Method 1: Using `os` and `zipfile` (ZIP Files)

The zipfile module (built-in) lets you inspect ZIP archives and get both the compressed and uncompressed sizes stored in the archive metadata:

import os
import zipfile


def get_zip_sizes(zip_path):
    """Get uncompressed and compressed sizes from a ZIP file."""
    # Size of the ZIP file on disk
    archive_size = os.path.getsize(zip_path)
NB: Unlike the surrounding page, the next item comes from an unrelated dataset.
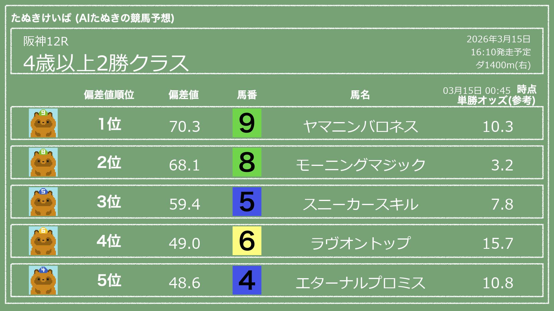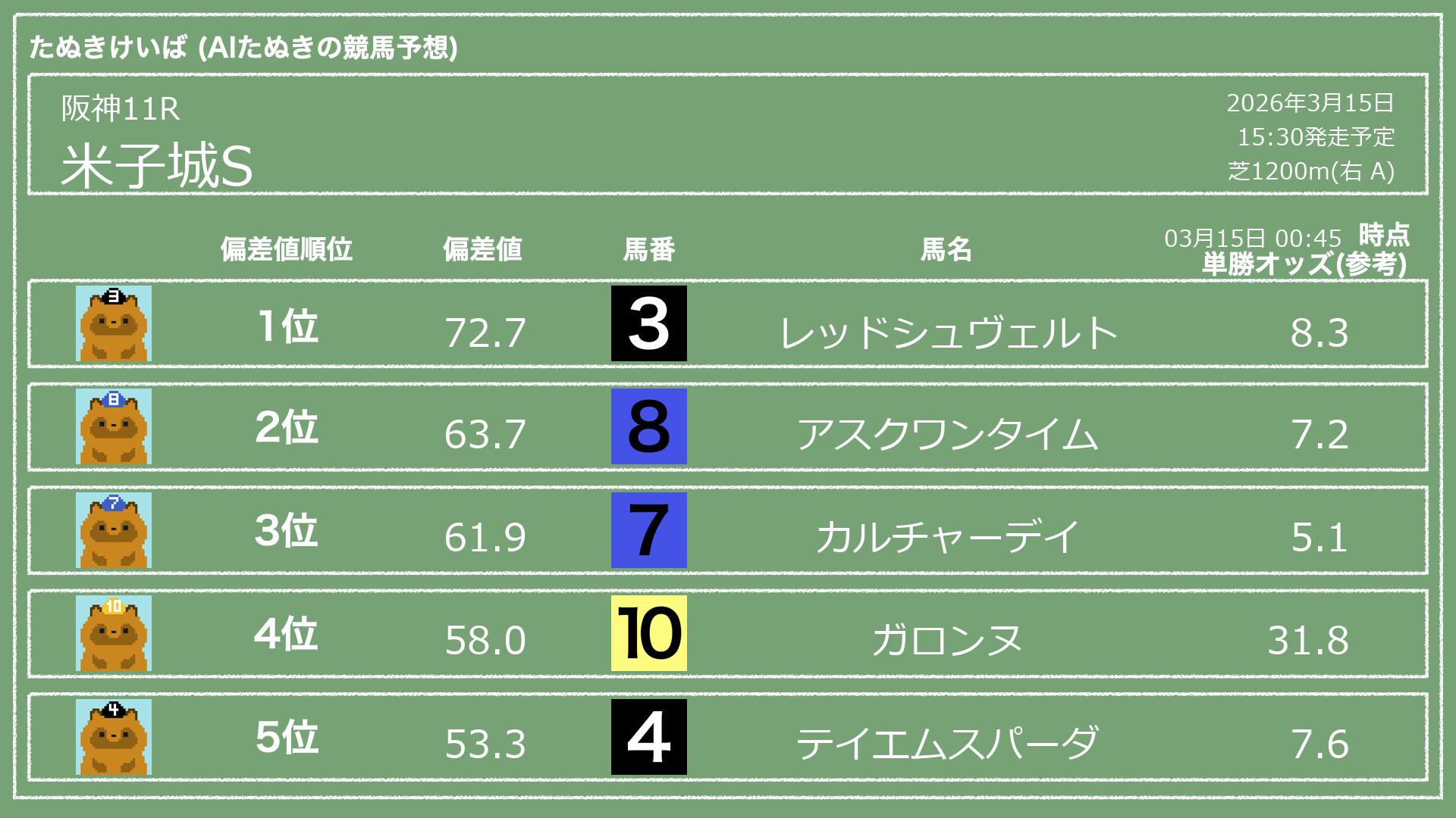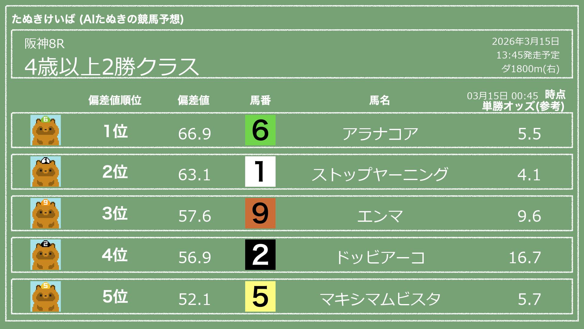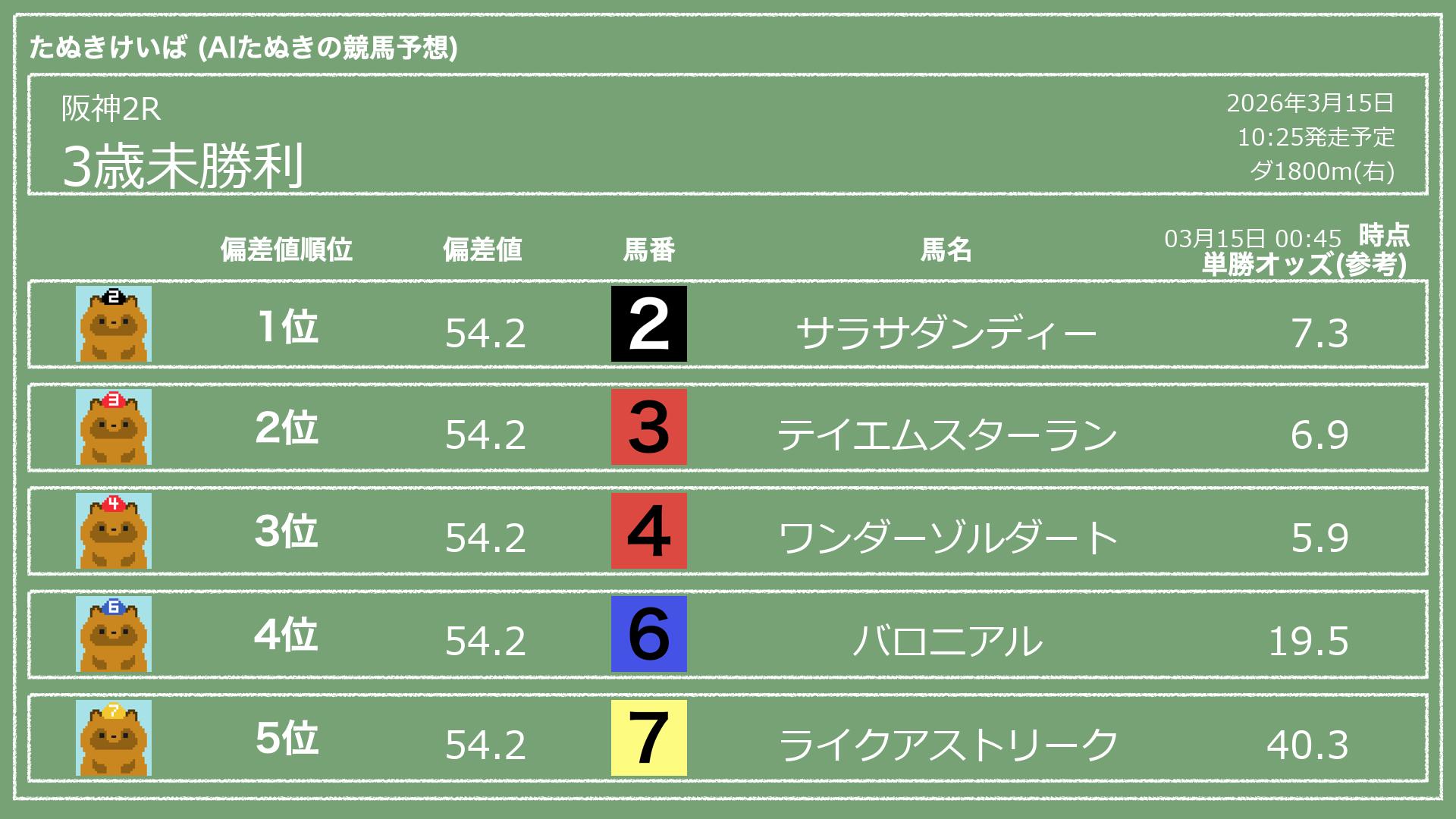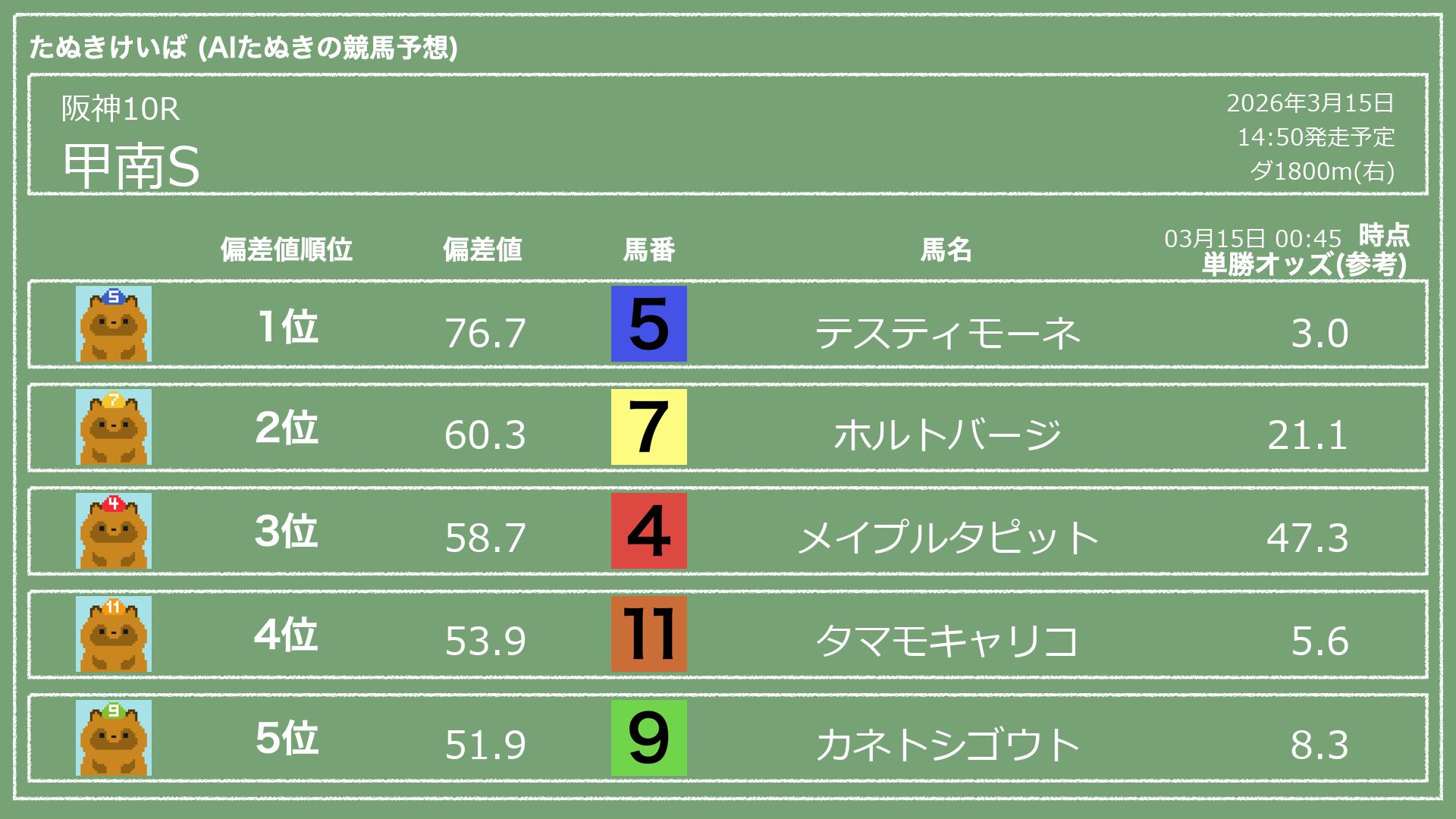 「たぬきけいば」による無料競馬予想です🥳

    total_uncompressed = 0
    total_compressed = 0

    with zipfile.ZipFile(zip_path, 'r') as zf:
        for info in zf.infolist():
            if not info.is_dir():
                total_uncompressed += info.file_size    # Original size
                total_compressed += info.compress_size  # Compressed size

    return {
        'archive_size': archive_size,
        'uncompressed_total': total_uncompressed,
        'compressed_total': total_compressed,
        'ratio': 1 - (total_compressed / total_uncompressed) if total_uncompressed > 0 else 0
    }


# Usage
zip_path = "example.zip"
sizes = get_zip_sizes(zip_path)

print(f"Archive size on disk: {sizes['archive_size']:,} bytes")
print(f"Uncompressed total:   {sizes['uncompressed_total']:,} bytes")
print(f"Compressed total:     {sizes['compressed_total']:,} bytes")
print(f"Compression ratio:    {sizes['ratio']:.1%}")

Output:

Archive size on disk: 3,245,678 bytes
Uncompressed total:   7,909,996 bytes
Compressed total:     3,244,512 bytes
Compression ratio:    59.0%

Listing Individual File Sizes in a ZIP

import zipfile


def list_zip_contents(zip_path):
    """List each file in a ZIP with its compressed and uncompressed sizes."""
    with zipfile.ZipFile(zip_path, 'r') as zf:
        print(f"{'Filename':<30} {'Original':>12} {'Compressed':>12} {'Ratio':>8}")
        print("-" * 65)

        for info in zf.infolist():
            if not info.is_dir():
                ratio = 1 - (info.compress_size / info.file_size) if info.file_size > 0 else 0
                print(f"{info.filename:<30} "
                      f"{info.file_size:>10,} B "
                      f"{info.compress_size:>10,} B "
                      f"{ratio:>7.1%}")


list_zip_contents("example.zip")

Output:

Filename                         Original   Compressed    Ratio
-----------------------------------------------------------------
data/report.csv                 1,234,567 B    456,789 B   63.0%
images/photo.jpg                2,345,678 B  2,340,123 B    0.2%
documents/readme.txt               12,345 B      4,567 B   63.0%

info

Note that JPEG images show very low compression ratios because they are already compressed. Text files and CSV data typically compress much better.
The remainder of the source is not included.